1. Field of the Invention
This invention relates to conveyors having a plurality of endless chains arranged side-by-side and driven around parallel paths having upper and lower runs, the upper runs providing the support for articles being conveyed. The invention also relates to a composite conveyor composed of at least two such conveyors arranged end-to-end.
2. Description of the Prior Art
In conveyors of the above type conventionally the chains are composed of elements having rollers which run along a roller track at the upper run. At the turning points at the ends of the upper run, sprocket wheels engage the chain elements. The sprocket wheels of the several chains are arranged coaxially at each end of the conveyor and conventionally are mounted on a common shaft.
Such conveyors are frequently used in many fields, e.g. the steel industry. Carrier plates may be mounted across the chains. The rollers are often hardened because of the loads which occur. Short conveyors are usually driven by electric motors through reduction gearing and the sprocket wheels. Rotary drive naturally provides the advantage of smoothness, but this is limited, in dependence on the load, the speed and the number of teeth on the drive wheel, by the so-called polygon effect. This effect arises out of the polygonal construction of the sprocket wheel: as a link of the chain runs in and out of the wheel, the chain is accelerated and retarded, thus causing the speed to fluctuate. This uneven running brings about jerky speed variations, which in practice are at least to some extent cancelled out both by the elasticity of the chains and wheels and by angular speed fluctuations. Stretching in the whole of the chain caused by the forces produced and play can be considerable and is often taken up by means of a tensioning device.

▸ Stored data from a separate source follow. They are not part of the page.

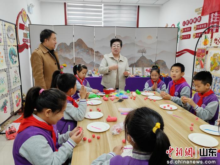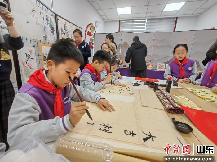 互动展示环节中,学校老师张志宽与社区书画志愿者同步展示才艺,一边是笔走龙蛇的书法创作,一边是色彩斑斓的绘画演示,为观众呈现了一场视听盛宴。随后,社区志愿者李秀娟带领学生成长共同体的队员们开展趣味泥塑制作,让队员们在动手实践中感受传统手工艺的魅力。
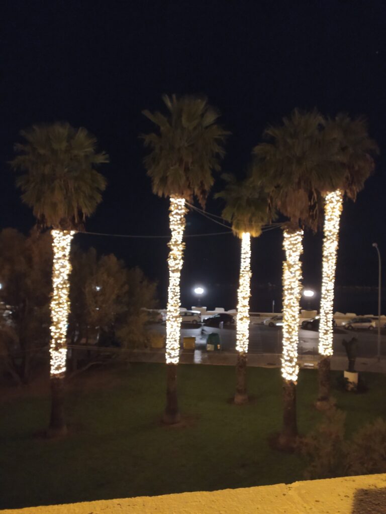 A másik dolog, hogy a várost is viszonylag későn díszítették fel. Otthon már novemberben látogatható Budapesten a karácsonyi vásár, itt csak pár napja tették fel az utcákat díszítő égősorokat. A főtéren pedig advent első vasárnapját követő hétfőn kezdtél el felállítani az itt „egzotikusnak” számító (mű)fenyőt. Ennek a kettősségnek is meg van a maga bája. Fenomenális látvány, a kedvenceim a karácsonyi díszbe öltöztetett pálmafák. Akkor döbbentem rá igazán, hogy már csak pár nap van decemberig, amikor a boltban vásárolva karácsonyi zenék szólaltak meg a rádióban.
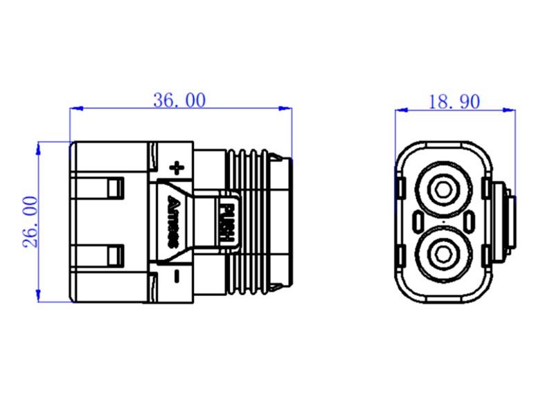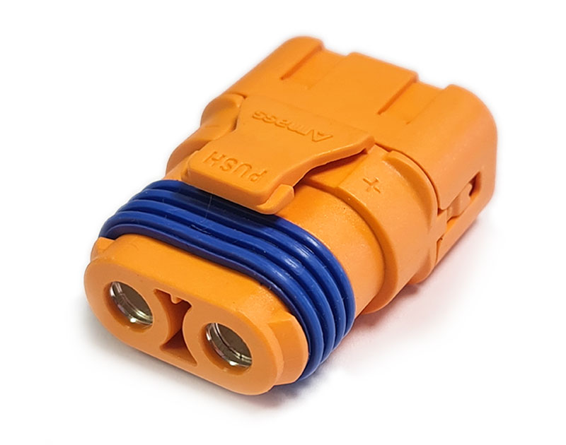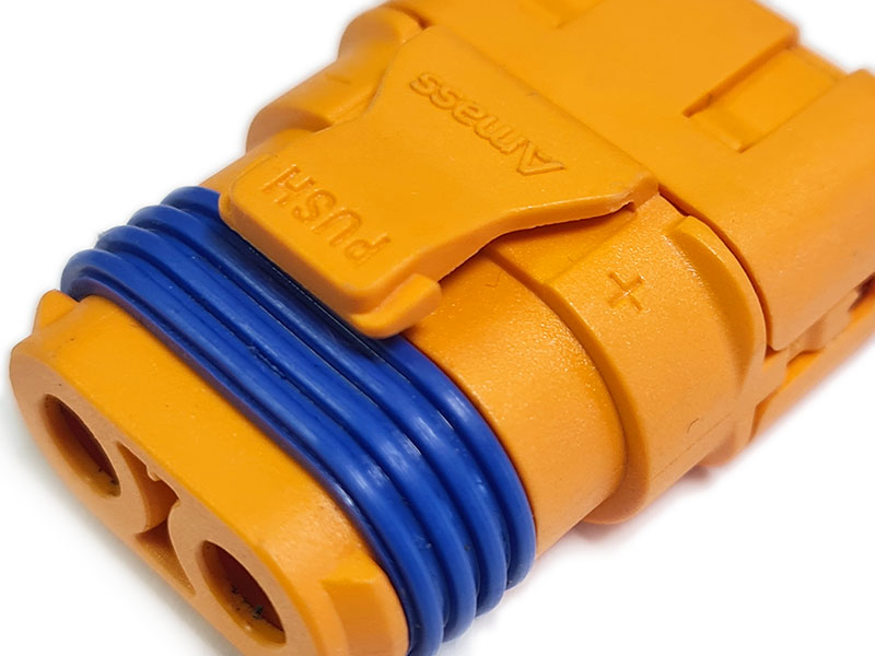 Оригинальный влагозащищённый силовой разъем Amass LFB50-F 5.0 мм. "мама" c защёлкой на корпусе. Медный проводник покрыт серебром, что значительно повышает эффективность передачи тока.

Play occurs in the drive linkage between the electric motor and the load to be transported and, over the course of time, increases as a result of wear and of the plastic deformation of components. If no additional measures are taken the electric motor will first overcome any play in the drive linkage when the chain conveyor is started before the load begins to move. During this starting phase, the motor speed may become considerable, together with the associated kinetic energy. As soon as all the play has been taken up, this kinetic energy is converted into a shock on the load, which is undesirable when the load consists of a stack of tinplates or of other material which would be adversely affected by this shock.
Components such as rails, chain wheels, etc. which are prone to wear should desirably be fitted in such a way that they are easily changed, but this has not generally been a consideration in design. In some conventional designs, the chain wheels are made up of segments which can be changed without dismantling the chain.

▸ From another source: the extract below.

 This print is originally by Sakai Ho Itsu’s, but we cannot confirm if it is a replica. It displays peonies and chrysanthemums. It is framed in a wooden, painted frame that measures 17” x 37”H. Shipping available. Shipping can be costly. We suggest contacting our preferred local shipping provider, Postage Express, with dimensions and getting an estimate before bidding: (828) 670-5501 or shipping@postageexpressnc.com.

Transferring the load between chain conveyors which are in line with one another is not simple, and for this reason, a long continuous conveyor, with associated problems, is often preferred.

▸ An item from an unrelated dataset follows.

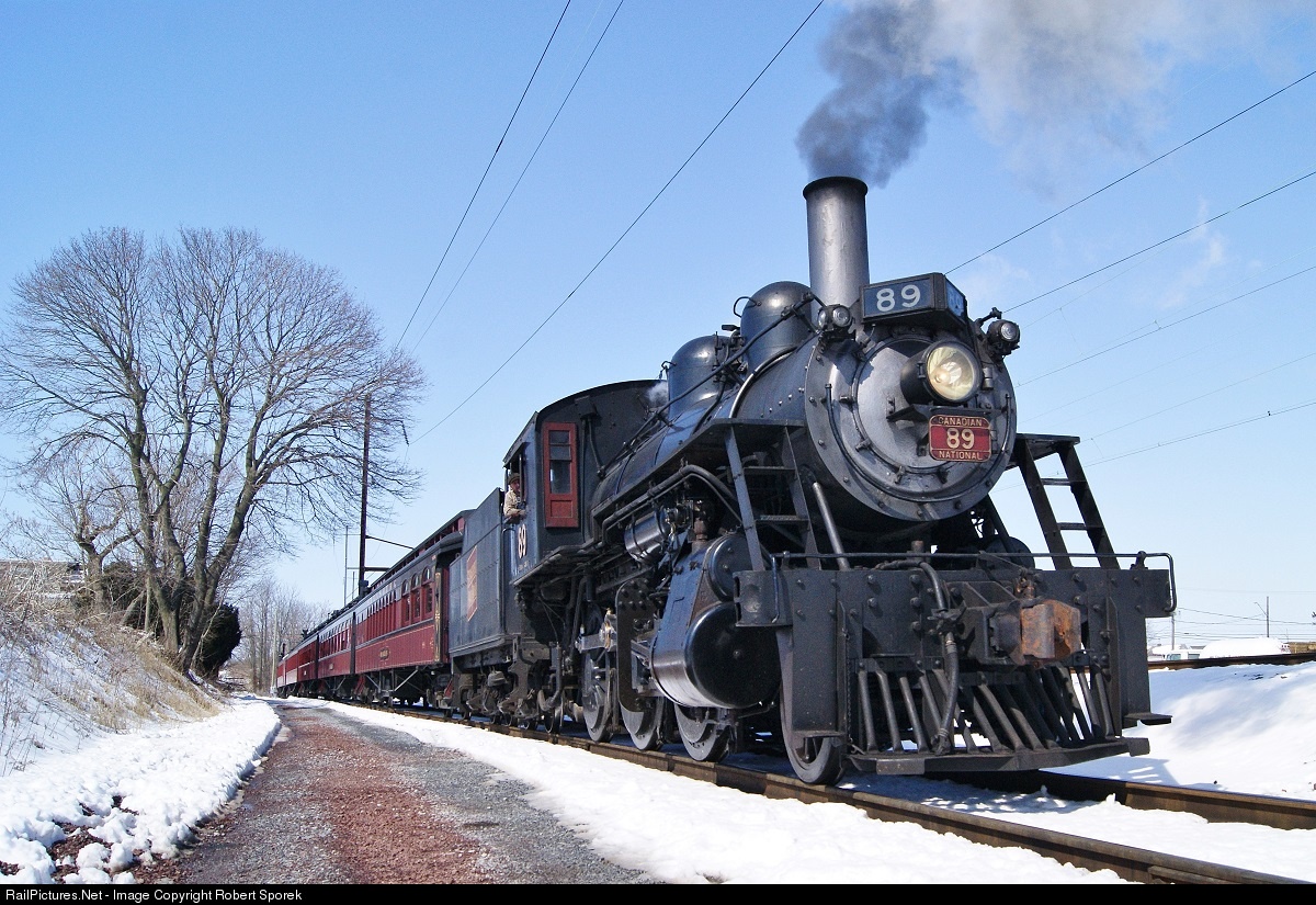 Former Canadian National 'Mogul' #89 heads west towards East Strasburg Depot with the 1:00pm excursion, seen here departing from the end of the line at Leaman Place Junction.
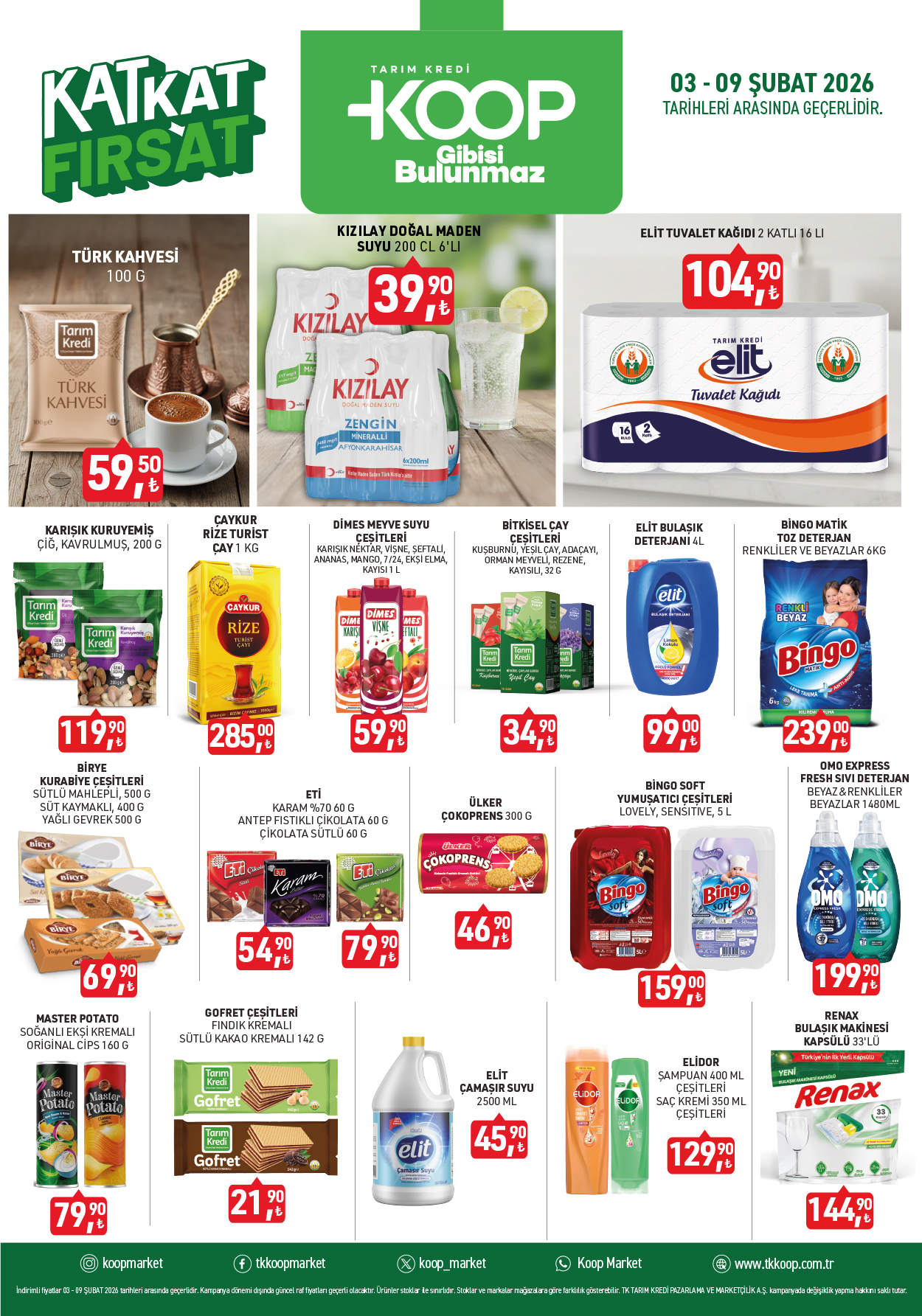 3 Şubat 2026 Salı günü başlayan kampanya, stoklarla sınırlı olmak üzere belirlenen süre boyunca Tarım Kredi Kooperatif Marketleri’nde geçerli olacak. Bölgesel farklılıklar ve mağaza stok durumuna göre ürün çeşitliliği değişiklik gösterebilir.

Illustrative of the prior art are U.S. Pat. Nos. 2,769,522, 3,024,888, 3,116,824 and 3,918,574 and U.K. Pat. specification No. 214,173. U.S. Pat. Nos. 2,769,522 and 3,918,574 and U.K. Pat. No. 214,173 need not be discussed. U.S. Pat. No. 3,024,888 shows the two sets of sprocket wheels at the junction of two chain conveyors mounted on a common drive shaft, one set being keyed to the shaft so as to be driven while the other set is idling on the shaft. The shafts are supported in a frame, and carry the chains. Odd and even numbers of chains alternate along the composite conveyor. U.S. Pat. No. 3,116,824 illustrates a similar arrangement, though here each conveyor section has two chains. Adjacent frame portions carrying shafts supporting the chains are rigidly linked by plates carrying the drive shafts.